Essa linguagem que exprime necessidades que vão além da fome e da miséria, se for bem interpretada nos ajudará a encontrar o caminho que o povo aponta de necessidades não atendidas. O problema aí é que o povo privado historicamente  da cultura e da experiência de vida liberta, não consegue exprimir claramente o que lhe faz falta, e isso comumente emerge como “vinte centavos” em lugar de mobilidade urbana e cidade amigável. O processo de participação popular nas discussões deverá, portanto, ser acompanhado de uma escuta amorosa para a sua devida decodificação para a política. Ou poderá gerar um diálogo de surdos.

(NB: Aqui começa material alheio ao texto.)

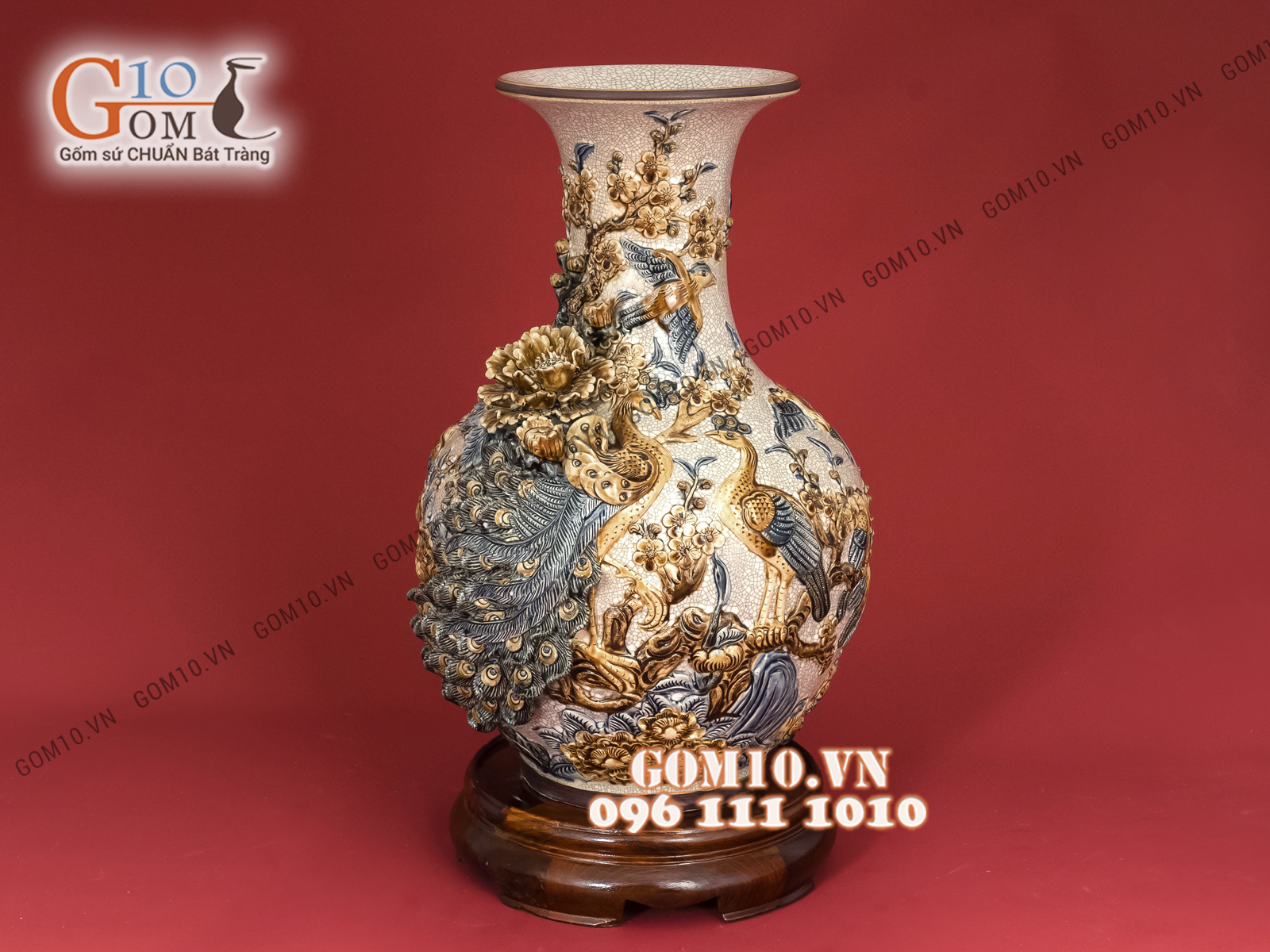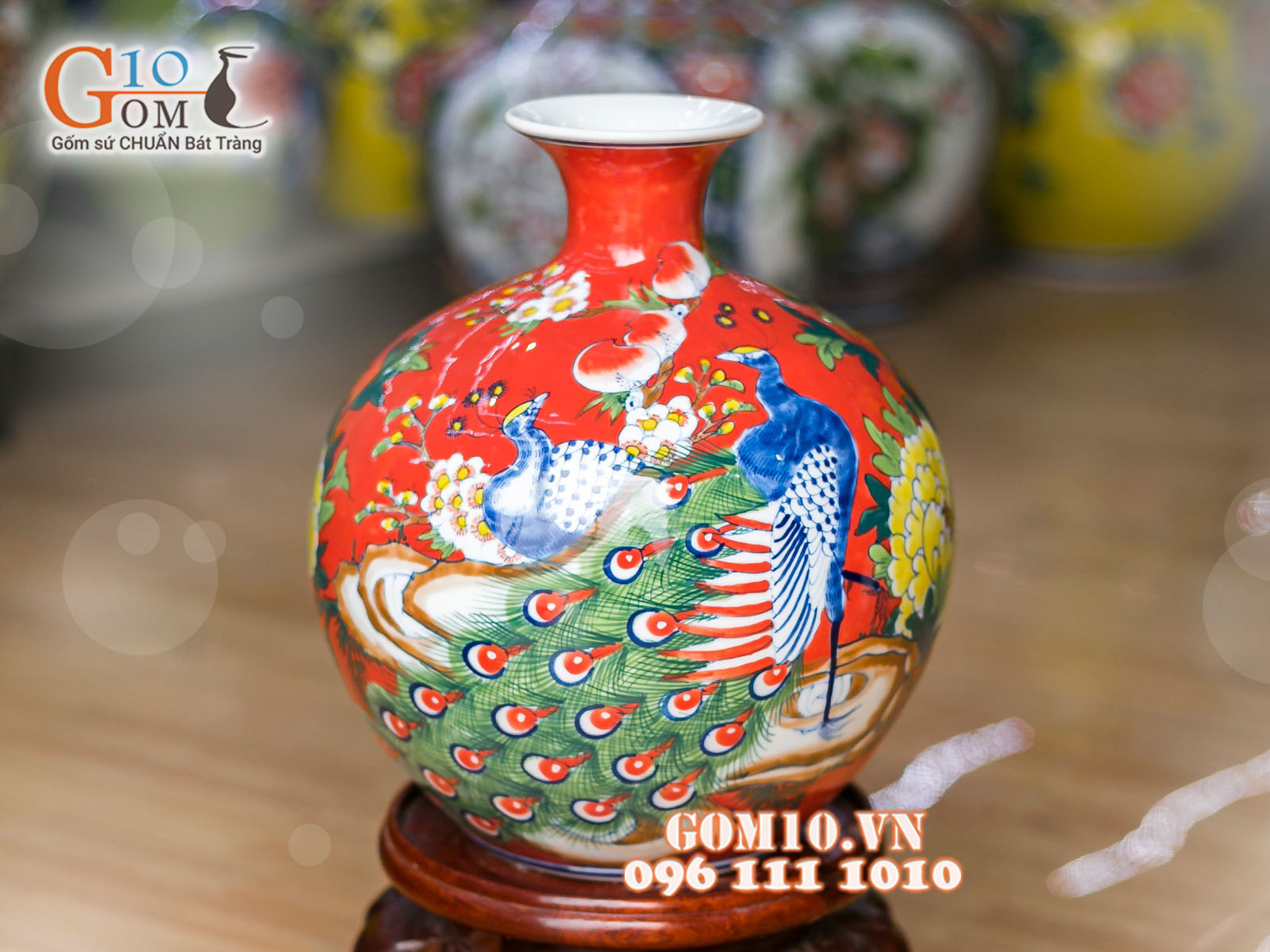 Hiện nay các mẫu gốm sứ phong thủy nói chung hay là các mẫu bình sứ trang trí, bình tài lộc với họa tiết Tứ Quý Khổng Tước đang được rất nhiều khách hàng ưa thích và săn tìm. Với sự tài hoa và đôi bàn tay khéo léo của các nghệ nhân làng gốm Bát Tràng đã sáng tạo ra được rất nhiều các mẫu mã, kiểu dáng cũng như màu sắc cực kì đẹp mắt và cuốn hút.

É preciso, se entendermos bem o seu alcance, dar máxima prioridade à iniciativa da Fundação Perseu Abramo e do PT, e acrescento porque são frutos da mesma árvore, também à inciativa anterior da Frente Povo Sem Medo. Enfrentamos na atual quadra da conjuntura nacional o fascismo e esse fascismo nasceu gêmeo de outro gêmeo sedento de necessidades sociais não atendidas.
Há uma energética aí. Temos que alimentar e dar vida ao gêmeo que aponta para a cidadania e para um novo protagonismo das maiorias, única força capaz de estabilizar o Estado democrático de direito, de tornar a nossa democracia irreversível e de nos permitir continuar avançando. Ou teremos êxito nisto ou dias difíceis nos esperam. De fato, é um gêmeo ou o outro!
 “O Brasil que o Povo quer” não é uma opção. É, se tivermos sorte, foco e trabalho, a decifração, já tardia, do enigma da esfinge que nos livrará do fascismo e nos permitirá avançar rumo a uma sociedade que não somente terá resolvido a fome e a miséria, mas conseguirá ao mesmo tempo que constrói vida digna para todos, fomentar a politização e o protagonismo das maiorias.